__Your assignment__
Keep the pictures out. Copy every line of the listing exactly.

__The data__
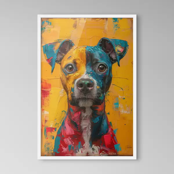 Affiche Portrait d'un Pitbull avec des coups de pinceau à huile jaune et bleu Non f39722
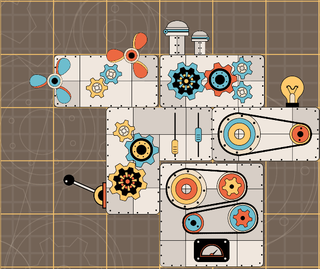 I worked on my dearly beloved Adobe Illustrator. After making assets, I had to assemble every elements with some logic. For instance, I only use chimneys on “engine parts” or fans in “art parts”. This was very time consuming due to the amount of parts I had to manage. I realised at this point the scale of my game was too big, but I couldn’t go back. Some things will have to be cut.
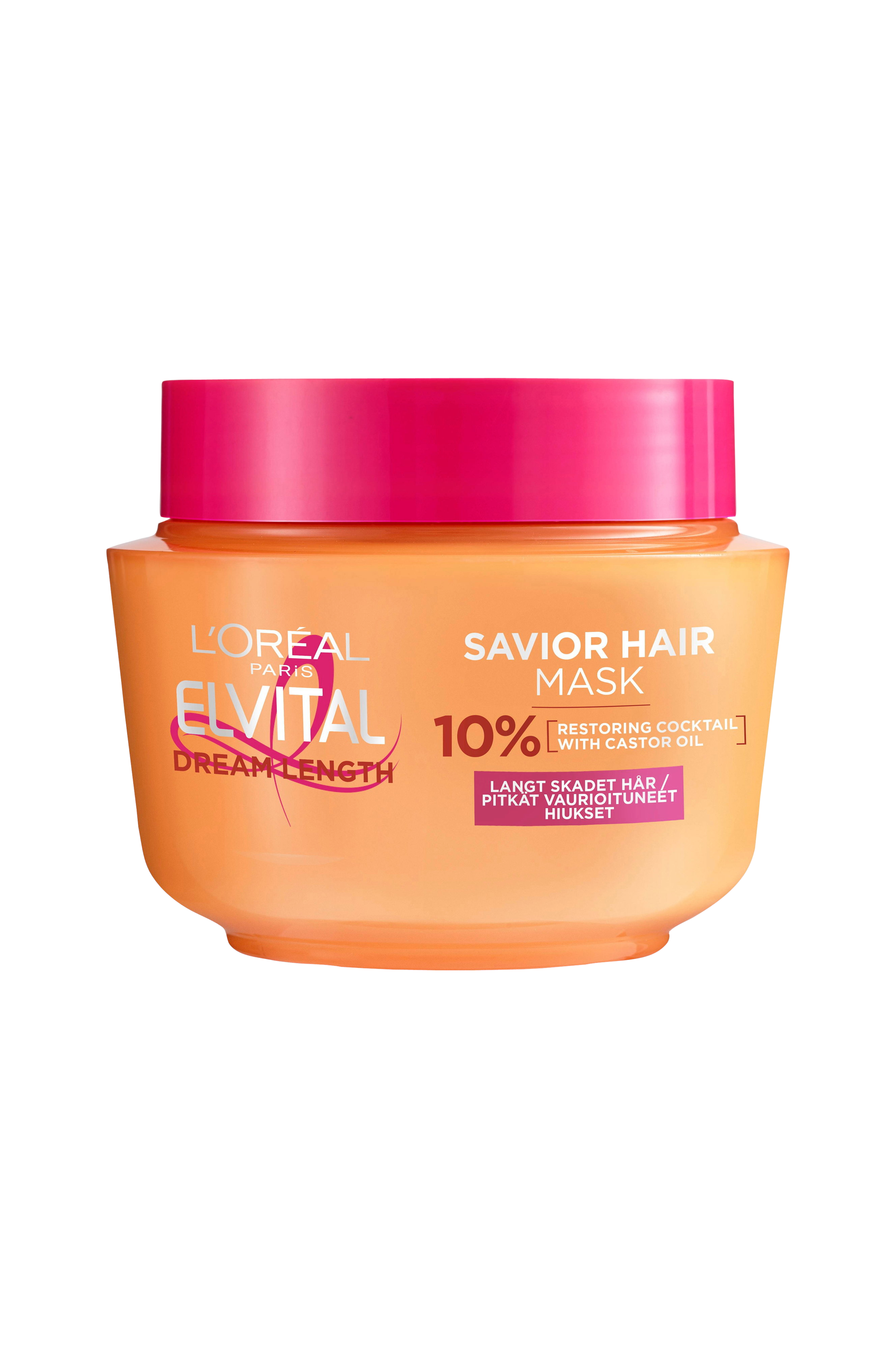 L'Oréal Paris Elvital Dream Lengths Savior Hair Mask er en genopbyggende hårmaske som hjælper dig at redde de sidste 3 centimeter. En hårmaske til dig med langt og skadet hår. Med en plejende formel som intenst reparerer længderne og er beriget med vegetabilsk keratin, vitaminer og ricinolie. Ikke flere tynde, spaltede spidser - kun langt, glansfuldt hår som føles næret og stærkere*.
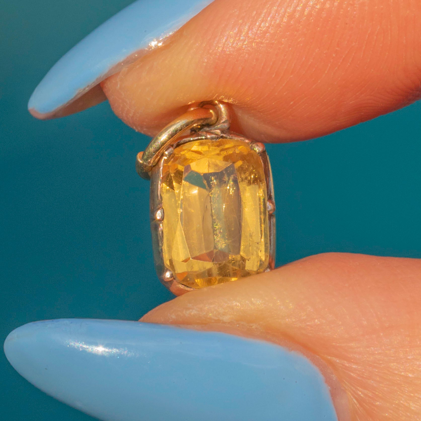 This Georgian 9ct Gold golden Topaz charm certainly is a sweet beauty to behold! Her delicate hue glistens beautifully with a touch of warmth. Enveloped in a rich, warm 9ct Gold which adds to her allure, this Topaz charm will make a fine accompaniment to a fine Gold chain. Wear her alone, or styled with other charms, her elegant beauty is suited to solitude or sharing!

__Worked solution__
 Affiche Portrait d'un Pitbull avec des coups de pinceau à huile jaune et bleu Non f39722
 I worked on my dearly beloved Adobe Illustrator. After making assets, I had to assemble every elements with some logic. For instance, I only use chimneys on “engine parts” or fans in “art parts”. This was very time consuming due to the amount of parts I had to manage. I realised at this point the scale of my game was too big, but I couldn’t go back. Some things will have to be cut.
 L'Oréal Paris Elvital Dream Lengths Savior Hair Mask er en genopbyggende hårmaske som hjælper dig at redde de sidste 3 centimeter. En hårmaske til dig med langt og skadet hår. Med en plejende formel som intenst reparerer længderne og er beriget med vegetabilsk keratin, vitaminer og ricinolie. Ikke flere tynde, spaltede spidser - kun langt, glansfuldt hår som føles næret og stærkere*.
 This Georgian 9ct Gold golden Topaz charm certainly is a sweet beauty to behold! Her delicate hue glistens beautifully with a touch of warmth. Enveloped in a rich, warm 9ct Gold which adds to her allure, this Topaz charm will make a fine accompaniment to a fine Gold chain. Wear her alone, or styled with other charms, her elegant beauty is suited to solitude or sharing!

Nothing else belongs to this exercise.